_Assignment_
Write the data out again exactly, with no pictures.

_Source data_
++++++++
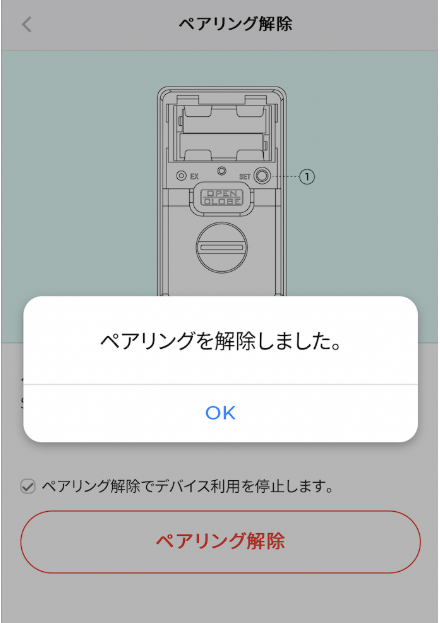 8. 「ペアリングを解除しました」のポップアップが表示されましたら、完了です。OKをタップします。
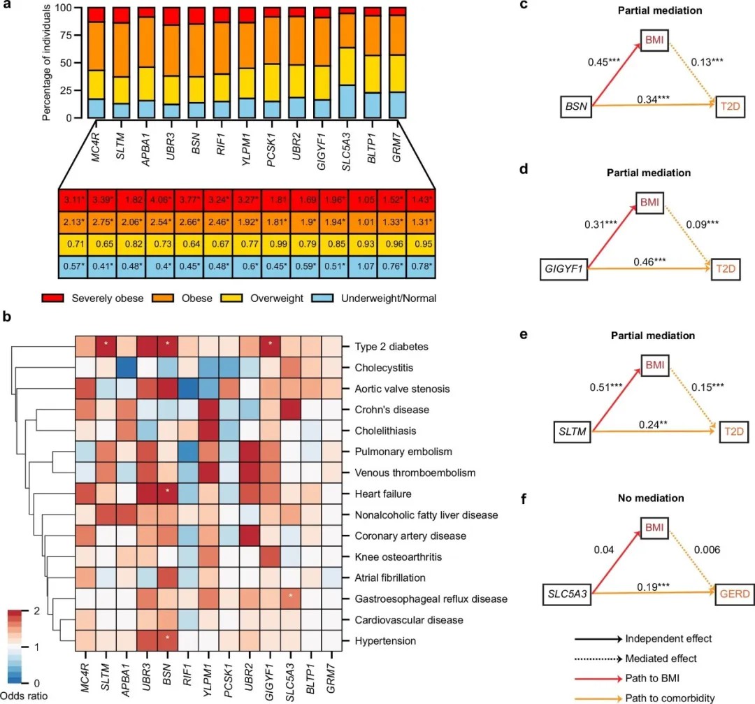 新发现基因多高表达于大脑及脂肪组织,尤其YLPM1与精神障碍(如意识状态改变)显著相关,凸显其通过神经调控参与肥胖的多效性。结构方程模型进一步揭示,GIGYF1和SLTM不仅直接增加2型糖尿病风险,还通过BMI作为部分中介因子放大共病效应。
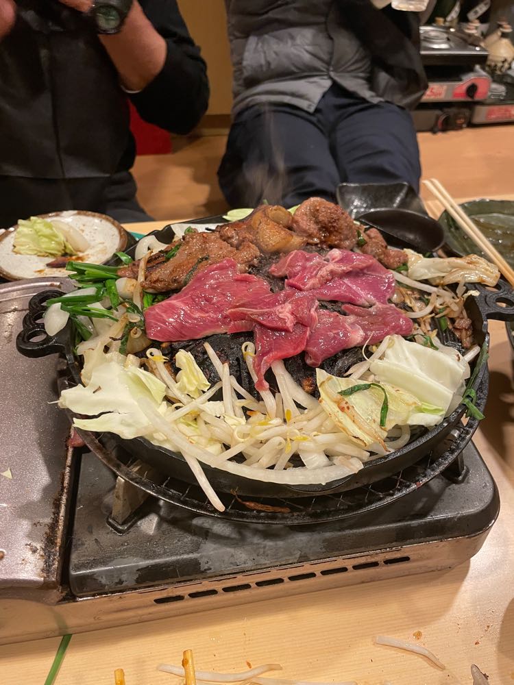横綱コースで、ジンギスカン食べ放題とちゃんこ鍋のみ(アルコール飲み放題付き)。
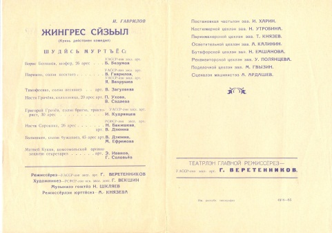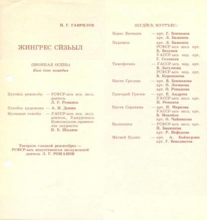 УАССР-лэн Кун премиеныз И. Гаврилов пусъемын «Жингрес сӥзьыл» пьесаез понна.
++++++++
_Answer area_
 8. 「ペアリングを解除しました」のポップアップが表示されましたら、完了です。OKをタップします。
 新发现基因多高表达于大脑及脂肪组织,尤其YLPM1与精神障碍(如意识状态改变)显著相关,凸显其通过神经调控参与肥胖的多效性。结构方程模型进一步揭示,GIGYF1和SLTM不仅直接增加2型糖尿病风险,还通过BMI作为部分中介因子放大共病效应。
横綱コースで、ジンギスカン食べ放題とちゃんこ鍋のみ(アルコール飲み放題付き)。
 УАССР-лэн Кун премиеныз И. Гаврилов пусъемын «Жингрес сӥзьыл» пьесаез понна.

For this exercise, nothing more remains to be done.